Talking to Your Kids About Disasters
Emergencies can be frightening. There's no getting around it.
While the last thing you want to do is scare your child, it's important to broach the subject. If you do, you'll help diffuse some of the anxiety that will inevitably occur. Bottomline, when children feel prepared, they cope better.
In my house, disasters come up in conversation A LOT. After all, my job focuses on emergency preparedness education or as my daughter puts it, "I tweet stuff so people stay safe."
My approach has been to be direct. I keep things high-level and age appropriate, leaving out the really scary details, but I don't sugar coat it either. Most experts agree the worst thing you can do is tell your child a disaster won’t happen.
Below are a few of my tried and true tactics for tackling the topic with my daughter. It's an important discussion, and for a little perspective, it can’t possibly be worse than explaining the “birds & bees" -- the conversation I'm truly dreading!
- Make it tangible. Talk about local emergency risks in realistic terms – what they might look like and sound like and why it’s important to prepare.

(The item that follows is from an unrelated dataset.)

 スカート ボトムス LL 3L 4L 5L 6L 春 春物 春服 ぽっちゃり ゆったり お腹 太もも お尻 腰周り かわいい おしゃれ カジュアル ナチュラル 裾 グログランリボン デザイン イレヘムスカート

I found it useful to focus on the science of potential hazards, helping build curiosity and interest not fear.
- Involve kids in your emergency planning. The more they take part, the more likely they'll remember what to do. Plus, they may have some good ideas!

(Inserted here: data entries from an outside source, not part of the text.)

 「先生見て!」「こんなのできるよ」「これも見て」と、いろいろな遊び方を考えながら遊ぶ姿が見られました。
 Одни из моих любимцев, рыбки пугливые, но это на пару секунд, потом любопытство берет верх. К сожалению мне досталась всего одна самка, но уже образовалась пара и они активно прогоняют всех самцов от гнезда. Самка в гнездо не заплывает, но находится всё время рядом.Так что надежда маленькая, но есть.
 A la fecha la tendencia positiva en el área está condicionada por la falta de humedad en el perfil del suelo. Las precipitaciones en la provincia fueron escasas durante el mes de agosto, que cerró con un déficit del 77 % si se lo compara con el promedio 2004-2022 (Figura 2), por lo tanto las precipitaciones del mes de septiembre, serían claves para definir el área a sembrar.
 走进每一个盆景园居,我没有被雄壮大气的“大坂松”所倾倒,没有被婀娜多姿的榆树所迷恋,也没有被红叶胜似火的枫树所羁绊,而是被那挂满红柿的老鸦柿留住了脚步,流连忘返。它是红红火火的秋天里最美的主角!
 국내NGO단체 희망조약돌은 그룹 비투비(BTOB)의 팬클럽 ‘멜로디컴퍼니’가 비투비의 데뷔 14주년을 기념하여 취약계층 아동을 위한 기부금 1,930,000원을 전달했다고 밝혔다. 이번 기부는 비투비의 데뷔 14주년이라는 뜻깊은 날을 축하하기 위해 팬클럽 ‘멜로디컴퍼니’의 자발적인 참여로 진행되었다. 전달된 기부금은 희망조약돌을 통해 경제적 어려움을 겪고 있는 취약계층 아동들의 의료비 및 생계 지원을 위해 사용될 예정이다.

- Review your plan regularly. Go over where your family will reunite if separated during a disaster. Talk about who their emergency school or daycare pick-ups are and which people in the neighbourhood can be counted on for help. More repetition means more retention.
- Take a prep tour. Go around the house and show your kids where emergency supplies are kept. Depending on their age, it’s not a bad idea to give them the 101 on using a fire extinguisher.

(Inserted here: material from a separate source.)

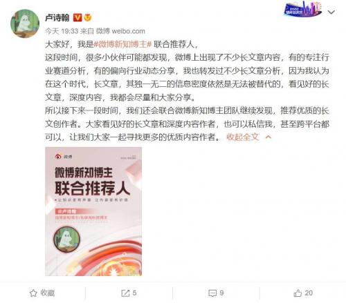 作为本次计划的联合推荐人,互联网科技博主@卢诗翰表示,“很多小伙伴可能都发现,微博上出现了不少长文章内容,有的专注行业赛道分析,有的偏向行业动态分享。我认为在这个时代,长文章,其独一无二的信息密度依然是无法被替代的,看见好的长文章,深度内容,我都会尽量和大家分享。所以接下来一段时间,我们还会联合微博新知博主团队继续发现,推荐优质的长文创作者。让我们大家一起寻找更多的优质内容作者。”
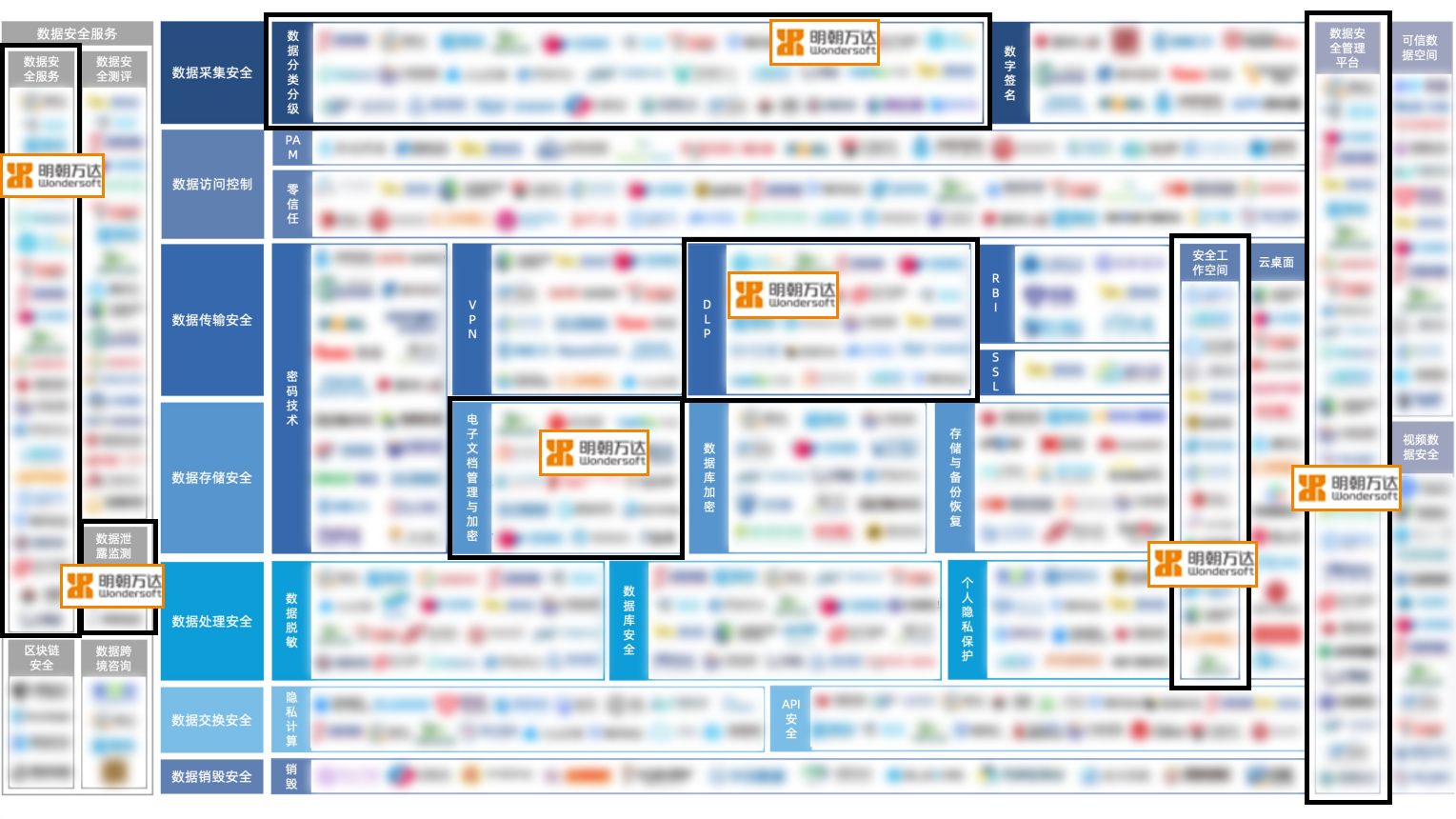 該報(bào)告中的數(shù)據(jù)安全市場(chǎng)全景圖,作為數(shù)據(jù)安全領(lǐng)域的重要參考,涵蓋了數(shù)據(jù)安全市場(chǎng)的各個(gè)領(lǐng)域與關(guān)鍵環(huán)節(jié)。全景圖的評(píng)選標(biāo)準(zhǔn)極為嚴(yán)格,不僅要求廠商具備領(lǐng)先的技術(shù)創(chuàng)新能力與深厚的行業(yè)積累,還需在市場(chǎng)占有率、客戶口碑、品牌影響力等方面表現(xiàn)出色。明朝萬(wàn)達(dá)憑借過(guò)硬的技術(shù)實(shí)力和突出的市場(chǎng)表現(xiàn),上榜數(shù)據(jù)安全服務(wù)、數(shù)據(jù)泄露檢測(cè)、數(shù)據(jù)分類分級(jí)、安全工作空間、DLP、電子文檔管理與加密、數(shù)據(jù)安全管理平臺(tái)7項(xiàng)領(lǐng)域代表廠商。

- Hold practice drills. It’s like developing preparedness muscle memory. The more familiar kids get with a routine, the less likely they are to panic. This is one situation where you want your child on auto-pilot. I do this with “Drop, Cover, Hold On”. Fire drills are another good example.
- Role play. This is a fun way to test if your chats are sinking in. Outline a potential scenario and have your child share what they’d do. If necessary, provide gentle reminders and prompts. Repeat the scenario in a few days or until you think the info has stuck.
- Be adaptable. Living in Victoria, my primary preparedness concern is earthquakes. At first, the concept was pretty abstract to my daughter, but the conversations and questions have gotten more focused with age. Be prepared to up your game as your child gets older.
- Follow their lead. As most moms know, kids are pretty good at signaling how much information they’re ready to handle. Let them set the pace using their questions as a guide.
- Be reassuring. Don’t get so focused on the nuts-and-bolts of preparedness that you forget to remind your children they’re safe and protected. I routinely tell my daughter the hazards we discuss may never happen, but that it's my job to keep her safe and big part of that is teaching her what to expect and do.